▶ GIVEN DATA:

________________________

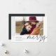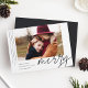 Um cartão de férias moderno e elegante com uma fotografia horizontal ou orientada à paisagem, acentuado com faixas verticais finas. A "Feliz" aparece por baixo da tipografia casual escrita com letra de mão. Personalize com seu cartões de natal personalizado, seu nome de família e o ano. Uma escolha moderna e moderna minimalista para os cartões de Natal 2021.
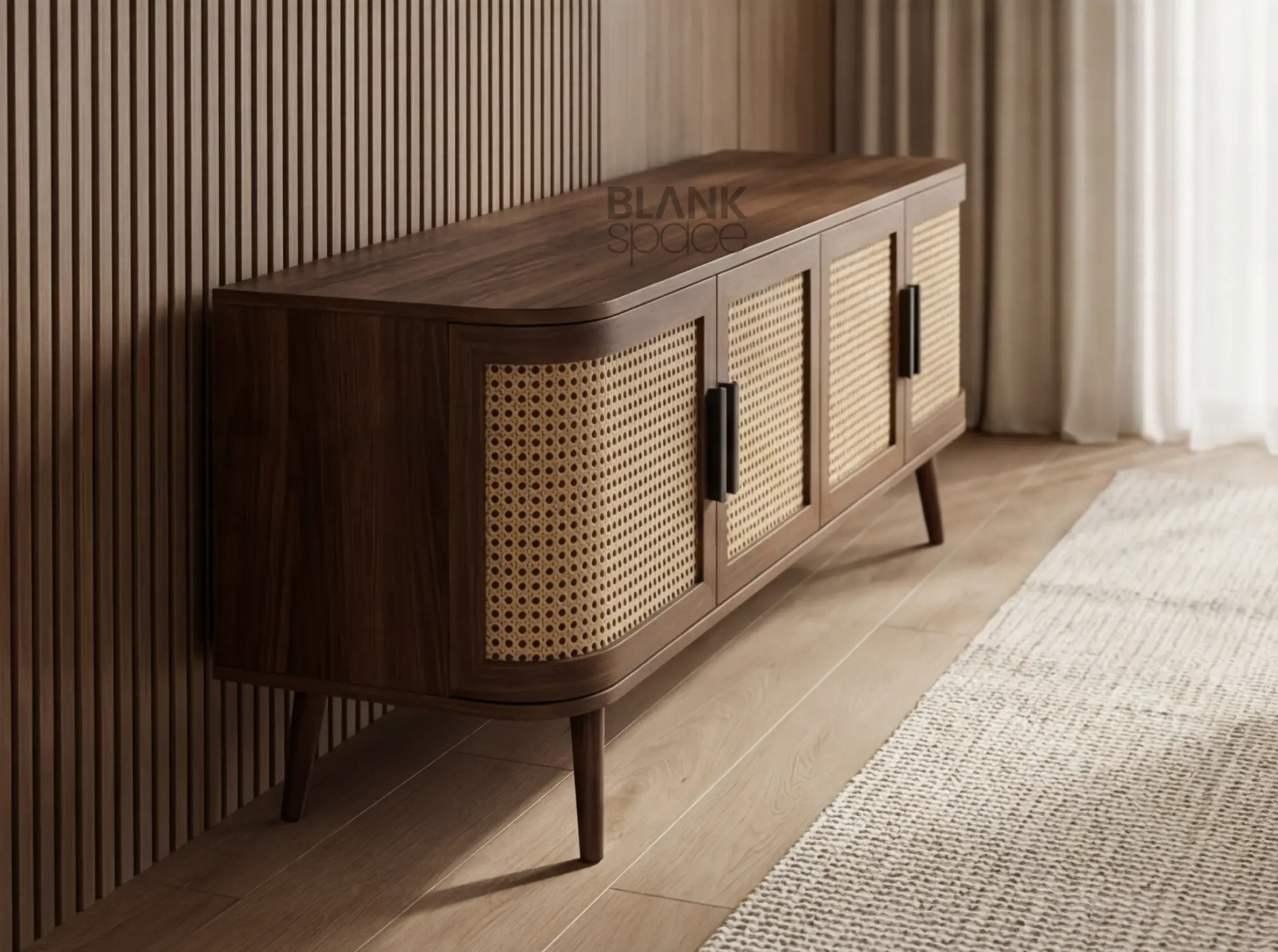 Built for both style and function, the console offers generous concealed storage for media equipment, books, and everyday essentials—keeping living spaces uncluttered and composed. Raised on tapered wooden legs, the design feels light and elevated, allowing it to integrate effortlessly into modern and warm-minimal interiors.
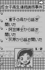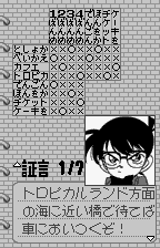 Given the limitations of the WonderSwan hardware, Meitantei Conan delivers surprisingly detailed pixel art. Character sprites are crisp and immediately recognizable from the anime, with Conan, Ran, Ai Haibara, and the Junior Detective League members rendered in charming, expressive form. Portraits during conversations emphasize subtle facial expressions, adding emotional weight to witness testimonies.
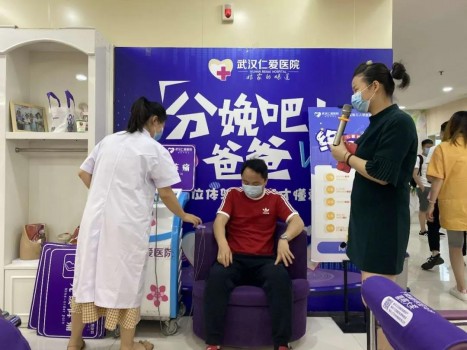 为了缓解患者及家属等待的焦虑心情,医院在一楼门诊大厅放置电视投屏。同时,在二楼产科门诊设置分娩镇痛体验仪缓解家属与孕妇面对分娩的紧张情绪,也能让家属理解孕妇分娩的不容易。

________________________

▶ PROBLEM STATEMENT: Copy out exactly the lines that run from the line containing "Given the limitations" through the last line of the material, and nothing more; omit the pictures.

▶ PROBLEM SOLUTION:
 Given the limitations of the WonderSwan hardware, Meitantei Conan delivers surprisingly detailed pixel art. Character sprites are crisp and immediately recognizable from the anime, with Conan, Ran, Ai Haibara, and the Junior Detective League members rendered in charming, expressive form. Portraits during conversations emphasize subtle facial expressions, adding emotional weight to witness testimonies.
 为了缓解患者及家属等待的焦虑心情,医院在一楼门诊大厅放置电视投屏。同时,在二楼产科门诊设置分娩镇痛体验仪缓解家属与孕妇面对分娩的紧张情绪,也能让家属理解孕妇分娩的不容易。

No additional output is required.